Botanical gardens can offer ex situ conservation from species that are being ousted from their original habitats. The first attempt to involve botanical gardens around the world in coordinated conservation efforts was made in 1987 with the founding of the Botanic Gardens Conservation Secretariat. At the start of the twenty-first century, the Center for Plant Conservation houses 580 rare native American species. But according to its statistics, 730 of the 20,000 American native plant species are now officially endangered, while about 4,000 are considered threatened.

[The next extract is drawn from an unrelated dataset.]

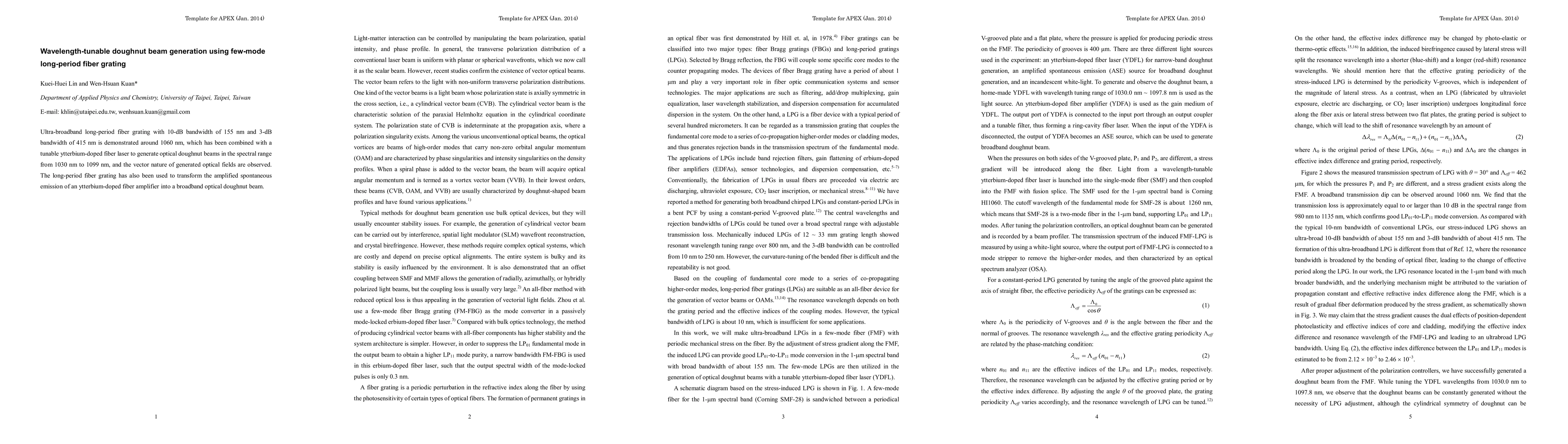 This paper demonstrates the generation of wavelength-tunable optical doughnut beams using a few-mode long-period fiber grating combined with a tunable ytterbium-doped fiber laser, achieving a spectral range from 1030 nm to 1099 nm. The vector nature of the generated optical fields is observed, and the grating also transforms amplified spontaneous emission into a broadband doughnut beam.

It seems that conservation has become the most important research function of botanical gardens today.
BIBLIOGRAPHY
Correll, Philip G. Botanical Gardens and Arboreta of North America: An Organizational Survey. Los Angeles: American Association of Botanical Gardens and Arboreta, 1980.
Directory of Gardens of North America. Kennett Square, Pa.: American Association of Botanical Gardens and Arboreta, 1998.
Hill, Arthur W. "The History and Function of Botanic Gardens." Annals of the Missouri Botanical Garden 2 (February–April 1915): 185–240.
Hyams, Edward. Great Botanical Gardens of the World. New York: Macmillan, 1969.
MacPhail, Ian, comp. Hortus Botanicus: The Botanic Garden and the Book. Chicago: Morton Arboretum, 1972.
Mulligan, William C. The Complete Guide to North American Gardens. Boston: Little Brown, 1991.
O'Malley, Therese. "Your Garden Must Be a Museum to You." In Art and Science in America. Edited by Amy R. W. Meyers. San Marino, Calif.: Huntington Library, 1998.
Piacentini, Richard. The Plant Collections Directory: Canada and the United States. Kennett Square, Pa.: American Association of Botanical Gardens and Arboreta, 1996.